5. Supported bridge pose

This pose is a wonderful chest opener that may help you expand your breath, filling your lungs and helping to clear congested airways. You will need a yoga block or a firm bolster to do this pose properly.

Woman doing Supported bridge pose

Try it out:

  1. Start by placing your block or bolster to your side.
  2. Lay flat on your back on the mat.
  3. Bring your knees up and place your feet close to your hips.
  4. Ensure your feet are hip width apart.
  5. Firmly press into the feet to raise your hips off the ground.
  6. Once they are high enough, slide the block under the back of the pelvis.
  7. Settle your upper back on the mat with your arms by your sides.
  8. Hold the posture for at least 10 deep breaths.
  9. To exit the pose, remove the block and slowly curl your spine back down onto the mat.
Top Tip
For an extra stretch, try lifting the arms and resting them on the floor behind your head.

6. Seated wide leg forward fold

This posture is great for releasing tension in the hips, back, and hamstrings that can often get tight and achy during bouts of illness. It’s also a forward fold, which may help improve blood flow to the sinuses.

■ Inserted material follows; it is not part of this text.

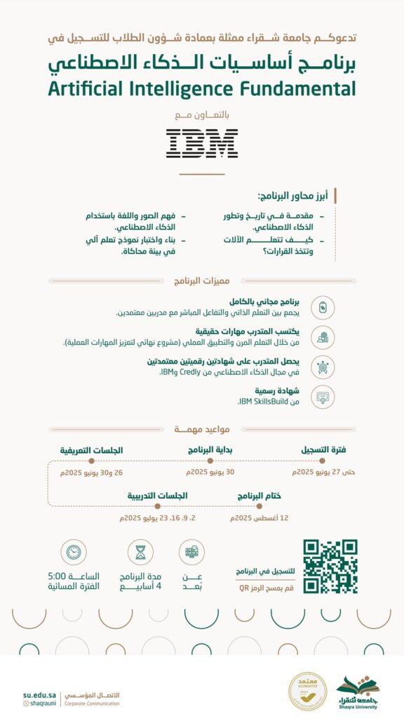 جامعة شقراء بالتعاون مع IBM تدعوكم لبرنامج مجاني (أساسيات الذكاء الاصطناعي) عن بُعد

Woman doing Seated wide leg forward fold pose

Try it out:

  1. Sit on your mat and reach your legs out as wide as is comfortable.
  2. Place your hands in front of you and slowly walk them forward.
  3. Allow your torso to fold from the hips as your hands move further away.
  4. Once you feel the stretch, relax your head and neck completely.
  5. Breathe deeply into the back body, expanding your ribs fully.
  6. Hold for up to 5 minutes.
  7. To exit the pose, slowly lift your torso, bring legs together, and hug your knees to your chest.
Top Tip
Place a bolster or block under your forehead if you want extra support for your head and neck.

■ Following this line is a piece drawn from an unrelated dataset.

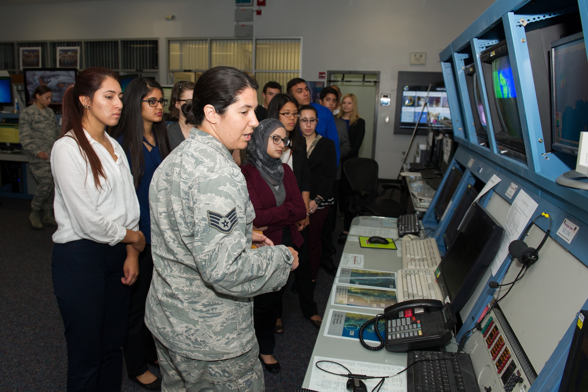 Members of the 45th Space Wing Weather Squadron met with Lake Nona High School students at Cape Canaveral Air Force Station, Fla. May 23, 2016, to discuss their Lightning Launch Commit Criteria (LLCC) findings and results in regards to weather and climatology. Prior to the school year, Bill Roeder, 45th Space Wing Weather Squadron meteorologist, reached out to the high school and introduced them to the project. The project provides students with real-world experience by following a business model of preparation, set-up, and using innovative methods to complete it. During the visit, the students also met with leadership and toured the Morrell Operations Center. (U.S. Air Force photos/Benjamin Thacker/Released)
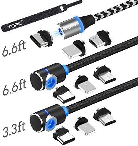 ★Strong Magnetic&Universal 3in1 Design: TOPK magnetic charging cable has super strong magnetic,which will avoid disconnecting,Support normal charging,Output 5V/2.4A (max),universal 3in1 design,one cable compatible with iPhone,type c devices,android devices,Do Not compatible with Apple Car Play,Android Auto and data transfer

Does yoga really help with sickness?

While it’s definitely more tempting to reach for cough medicine and hot tea, it might be beneficial to reach for your yoga mat, too. Keeping the body moving gently by using yoga when you're sick might help relieve the aches and pains associated with illness, allowing your immune system to work more effectively while you are in a relaxed state.